24h avant sa (re)sortie, l’intense Live in Europe du saxophoniste de La Nouvelle-Orléans révèle l’une de ses plus belles pièces sur Le Grigri. Ardente, transcendante et libre, une musique qui n’a pas pris une ride, près d’une décennie après la disparition de son auteur.
Comme beaucoup de musiciens associés au “free jazz”, Noah Howard (1943 – 2010) ne se considérait pas vraiment comme un musicien de “free jazz”. Déjà parce que les musiciens détestent être mis dans des cases – les Anglo-Saxons ont d’ailleurs un joli verbe pour en parler: to pigeonhole, être rangé dans un casier ou littéralement, un trou à pigeon. Et puis parce que le “free jazz” a souvent été caricaturé en “types qui font n’importe quoi sur leurs instruments pour générer de la bouillie inaudible”. Ce qui est parfois vrai, mais très souvent faux. Dans la famille du free jazz, il y a des accents de gospel, des rappels au New Orleans, des échappées vers les musiques traditionnelles du monde entier, des souvenirs de bebop, des éruptions de blues ou encore des éclats de standards de Broadway.
Tout ça, c’est exactement tout ce qu’on retrouve chez Noah Howard en général et dans son Live in Europe réédité ces jours-ci par un tout nouveau label proche des Disques Bongo Joe, Sconsolato. Il faut dire que si ce natif de La Nouvelle-Orléans est moins célèbre que les Archie Shepp, Ornette Coleman et autres Albert Ayler, il n’en reste pas moins l’un des piliers essentiels de ce jazz avant-gardiste des années 70, un jazz qui préférait (se) chercher plutôt que de (re)trouver des formules déjà toutes faites. Un type tout autant électron libre que rassembleur de communauté puisqu’il a fondé la New York Musicians Organisation (définie comme «groupe d’action culturelle et politique»), créé son propre label AltSax ou dirigé un club de jazz dans les années 80 à Bruxelles.
Sorti en 1975 comme un concentré de sa tournée européenne avec Takashi Kako au piano, Kent Carter à la contrebasse et, alternativement, Muhammad Ali et Oliver Johnson à la batterie, ce Live in Europe vol.1 ne sera jamais suivi d’un volume 2. Dommage car il dégage une chaleur, une spiritualité et une liberté qui déglinguent tous les clichés sur le free jazz.
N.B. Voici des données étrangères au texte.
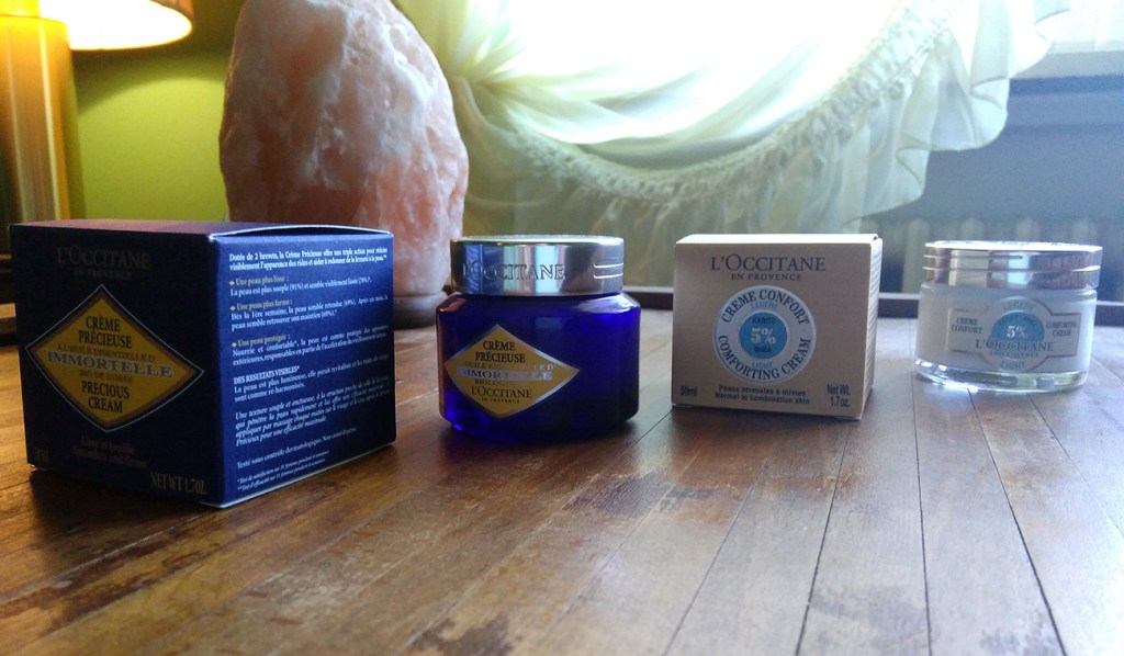I think it is funny and useful to let you see the difference in a cream for a 30 years old woman and a 50 years old woman. These are the face creams that my mother and I use. We are in love with L’Occitane, but we have different needs.

Une musique habitée qui s’inscrit clairement dans les pas du spiritual jazz écorché à la Coltrane dont Noah Howard reprend le célèbre “Olé” dans une version épique de douze minutes.
24h avant sa (re)sortie tirage limité à 300 copies vinyle, Le Grigri vous propose de goûter en avant-première l’un des plus beaux morceaux de ce disque rare. Seule composition signée 100% Noah Howard, ce “New Arrival” tout en suspension, tout en suggestion et tout en ascension est typiquement le genre de B.O. qui peut accompagner les aubes tout comme les crépuscules.